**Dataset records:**
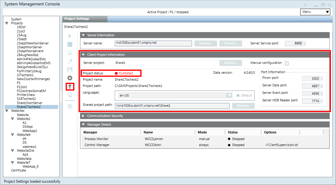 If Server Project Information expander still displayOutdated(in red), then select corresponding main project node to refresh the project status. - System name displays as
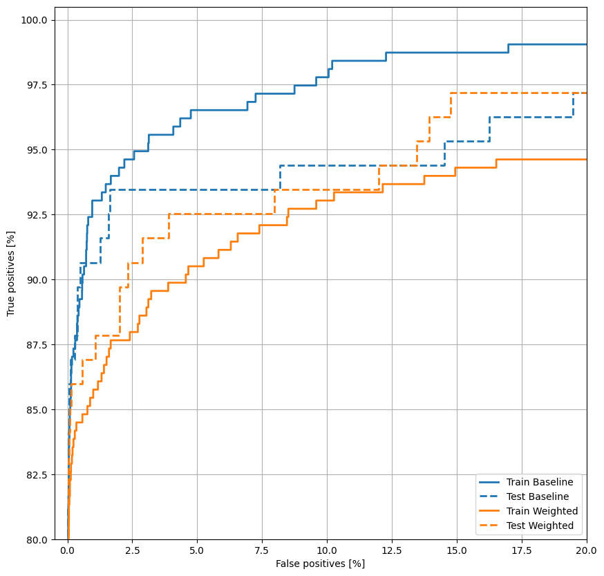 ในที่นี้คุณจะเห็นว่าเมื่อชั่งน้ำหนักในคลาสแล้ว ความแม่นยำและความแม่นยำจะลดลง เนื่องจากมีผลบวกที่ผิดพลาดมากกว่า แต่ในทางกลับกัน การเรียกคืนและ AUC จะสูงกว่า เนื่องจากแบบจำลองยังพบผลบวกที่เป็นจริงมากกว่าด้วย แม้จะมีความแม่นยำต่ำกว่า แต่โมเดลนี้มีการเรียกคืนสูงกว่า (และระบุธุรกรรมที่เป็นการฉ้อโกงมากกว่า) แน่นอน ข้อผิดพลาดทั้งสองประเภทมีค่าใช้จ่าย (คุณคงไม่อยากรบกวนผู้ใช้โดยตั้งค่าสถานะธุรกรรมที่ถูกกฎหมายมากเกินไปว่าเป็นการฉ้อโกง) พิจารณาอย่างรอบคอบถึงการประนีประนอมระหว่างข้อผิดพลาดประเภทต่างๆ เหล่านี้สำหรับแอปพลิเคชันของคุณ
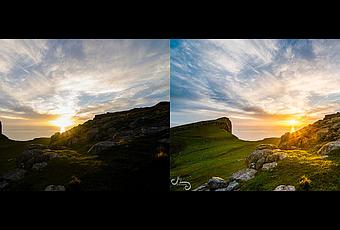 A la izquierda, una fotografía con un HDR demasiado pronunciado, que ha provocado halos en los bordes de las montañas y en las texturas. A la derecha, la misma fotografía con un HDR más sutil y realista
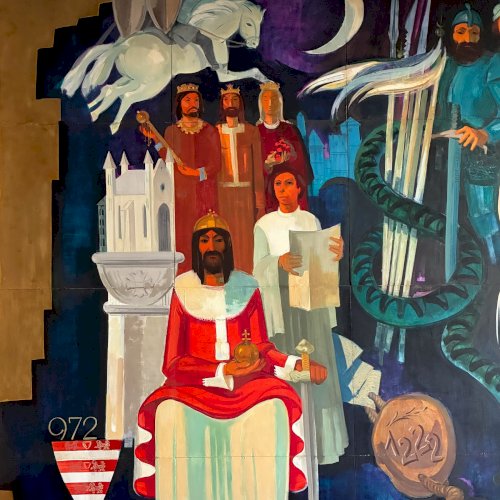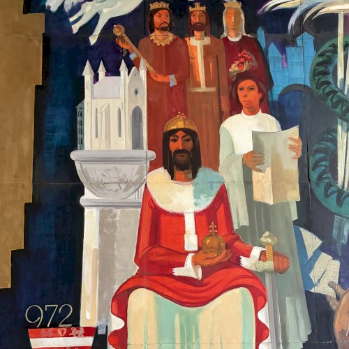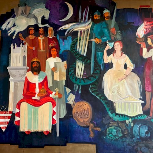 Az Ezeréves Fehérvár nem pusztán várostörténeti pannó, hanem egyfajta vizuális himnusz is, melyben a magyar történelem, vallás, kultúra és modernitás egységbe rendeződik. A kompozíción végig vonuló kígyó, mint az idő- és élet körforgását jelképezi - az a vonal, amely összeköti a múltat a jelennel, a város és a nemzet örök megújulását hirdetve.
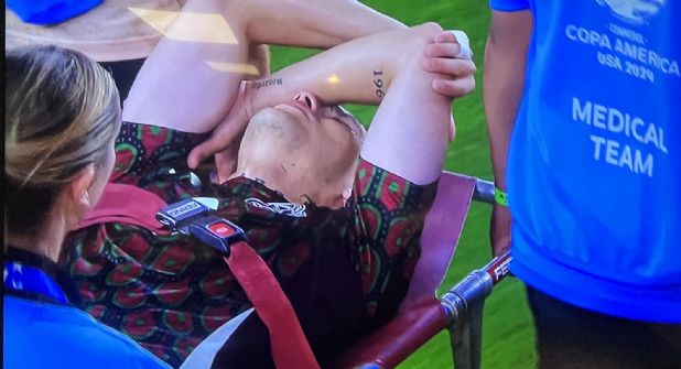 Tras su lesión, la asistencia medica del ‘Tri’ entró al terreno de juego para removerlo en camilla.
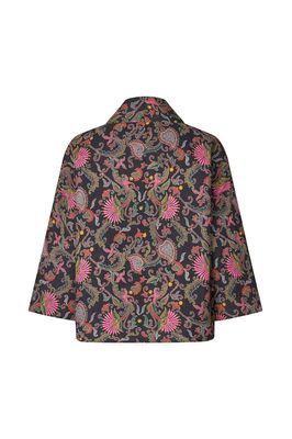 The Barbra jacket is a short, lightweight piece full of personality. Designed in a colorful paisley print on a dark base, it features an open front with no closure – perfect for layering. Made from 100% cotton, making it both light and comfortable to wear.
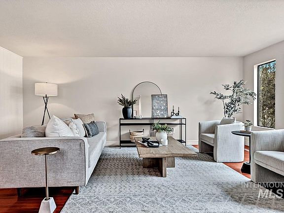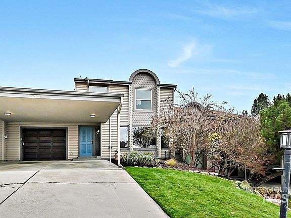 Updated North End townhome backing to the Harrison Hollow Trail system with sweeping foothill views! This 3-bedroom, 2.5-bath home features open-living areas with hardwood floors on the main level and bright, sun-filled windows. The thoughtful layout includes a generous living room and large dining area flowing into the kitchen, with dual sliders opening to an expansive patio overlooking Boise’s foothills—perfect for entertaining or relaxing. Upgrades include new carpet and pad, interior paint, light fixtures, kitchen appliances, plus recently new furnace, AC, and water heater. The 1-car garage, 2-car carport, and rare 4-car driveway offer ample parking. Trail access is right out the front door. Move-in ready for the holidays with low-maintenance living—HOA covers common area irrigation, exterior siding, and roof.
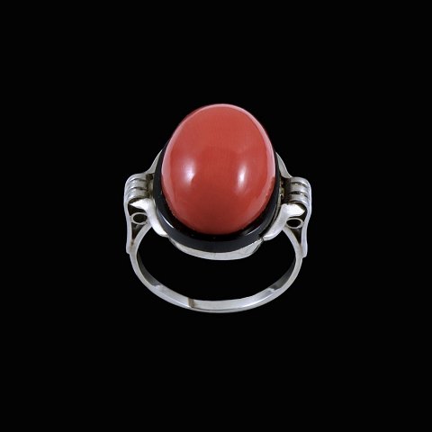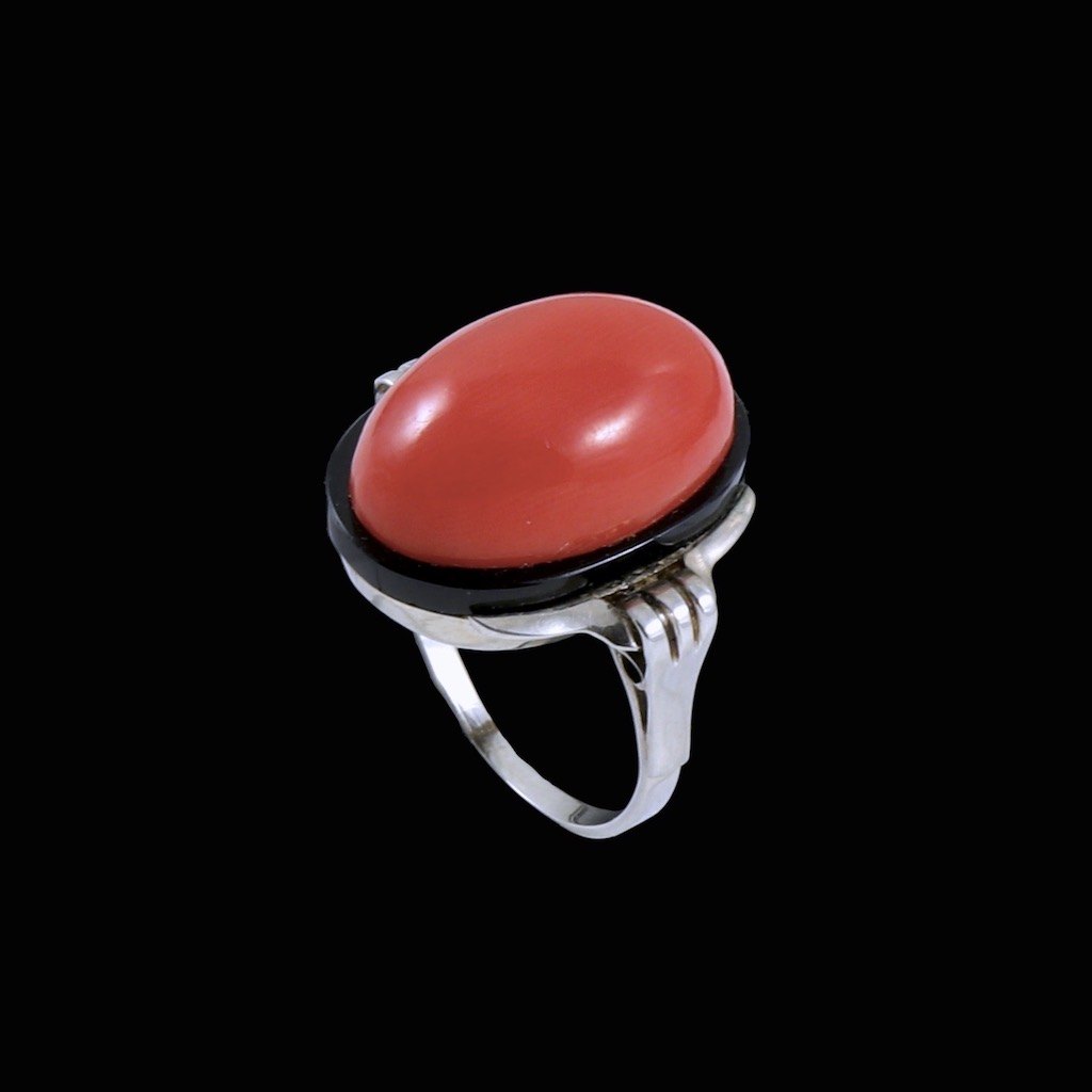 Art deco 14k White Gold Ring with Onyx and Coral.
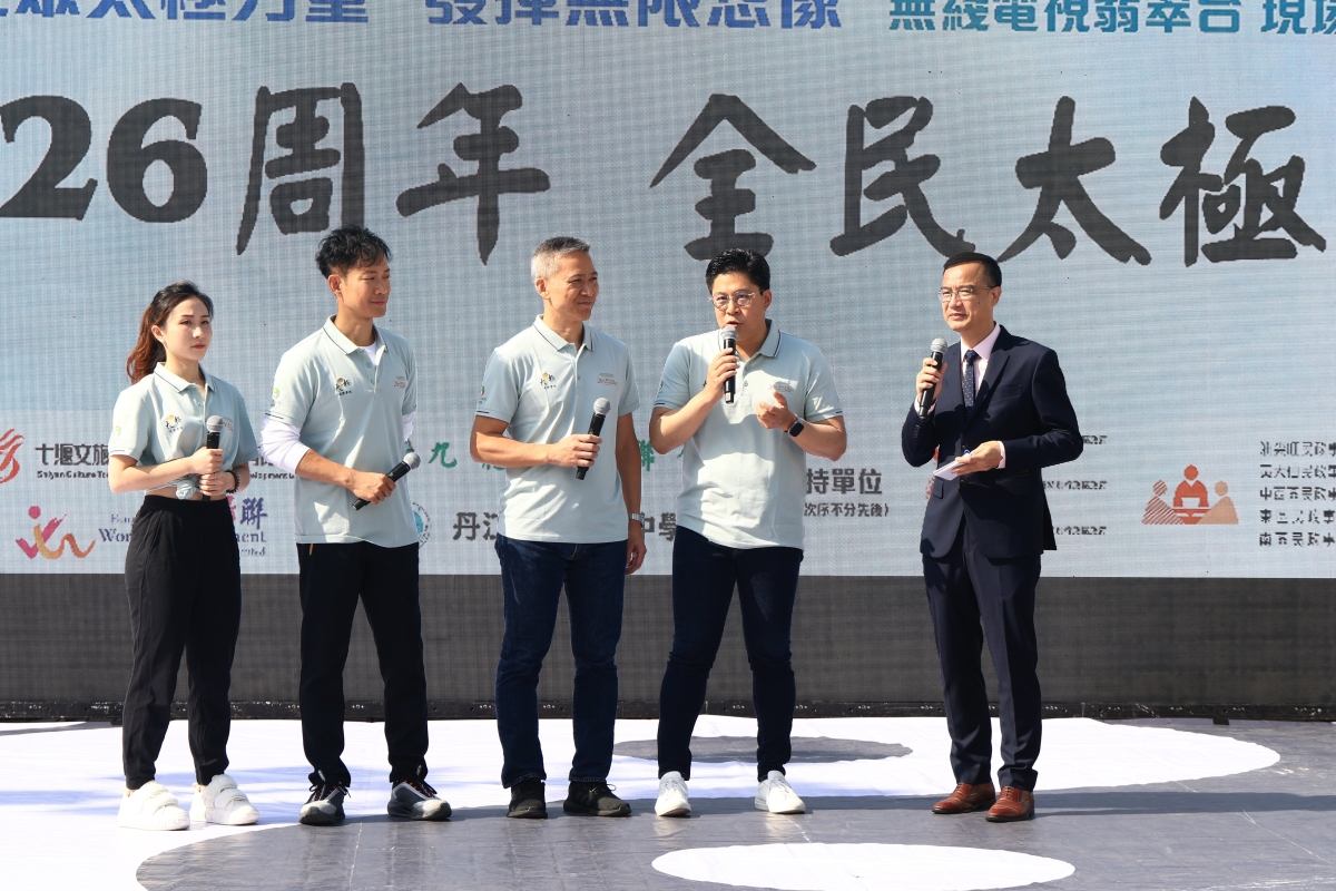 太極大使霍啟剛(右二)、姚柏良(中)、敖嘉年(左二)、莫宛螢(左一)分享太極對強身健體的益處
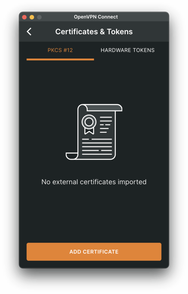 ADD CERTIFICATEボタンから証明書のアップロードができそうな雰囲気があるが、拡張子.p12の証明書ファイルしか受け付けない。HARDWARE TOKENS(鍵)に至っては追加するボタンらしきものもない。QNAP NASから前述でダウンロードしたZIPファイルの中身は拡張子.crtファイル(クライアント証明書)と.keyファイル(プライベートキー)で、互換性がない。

**Problem description:**
From the first line of the records through the line containing "The Barbra jacket", please output exactly those lines and nothing more, leaving out the pictures.

**Response below:**
 If Server Project Information expander still displayOutdated(in red), then select corresponding main project node to refresh the project status. - System name displays as
 ในที่นี้คุณจะเห็นว่าเมื่อชั่งน้ำหนักในคลาสแล้ว ความแม่นยำและความแม่นยำจะลดลง เนื่องจากมีผลบวกที่ผิดพลาดมากกว่า แต่ในทางกลับกัน การเรียกคืนและ AUC จะสูงกว่า เนื่องจากแบบจำลองยังพบผลบวกที่เป็นจริงมากกว่าด้วย แม้จะมีความแม่นยำต่ำกว่า แต่โมเดลนี้มีการเรียกคืนสูงกว่า (และระบุธุรกรรมที่เป็นการฉ้อโกงมากกว่า) แน่นอน ข้อผิดพลาดทั้งสองประเภทมีค่าใช้จ่าย (คุณคงไม่อยากรบกวนผู้ใช้โดยตั้งค่าสถานะธุรกรรมที่ถูกกฎหมายมากเกินไปว่าเป็นการฉ้อโกง) พิจารณาอย่างรอบคอบถึงการประนีประนอมระหว่างข้อผิดพลาดประเภทต่างๆ เหล่านี้สำหรับแอปพลิเคชันของคุณ
 A la izquierda, una fotografía con un HDR demasiado pronunciado, que ha provocado halos en los bordes de las montañas y en las texturas. A la derecha, la misma fotografía con un HDR más sutil y realista
 Az Ezeréves Fehérvár nem pusztán várostörténeti pannó, hanem egyfajta vizuális himnusz is, melyben a magyar történelem, vallás, kultúra és modernitás egységbe rendeződik. A kompozíción végig vonuló kígyó, mint az idő- és élet körforgását jelképezi - az a vonal, amely összeköti a múltat a jelennel, a város és a nemzet örök megújulását hirdetve.
 Tras su lesión, la asistencia medica del ‘Tri’ entró al terreno de juego para removerlo en camilla.
 The Barbra jacket is a short, lightweight piece full of personality. Designed in a colorful paisley print on a dark base, it features an open front with no closure – perfect for layering. Made from 100% cotton, making it both light and comfortable to wear.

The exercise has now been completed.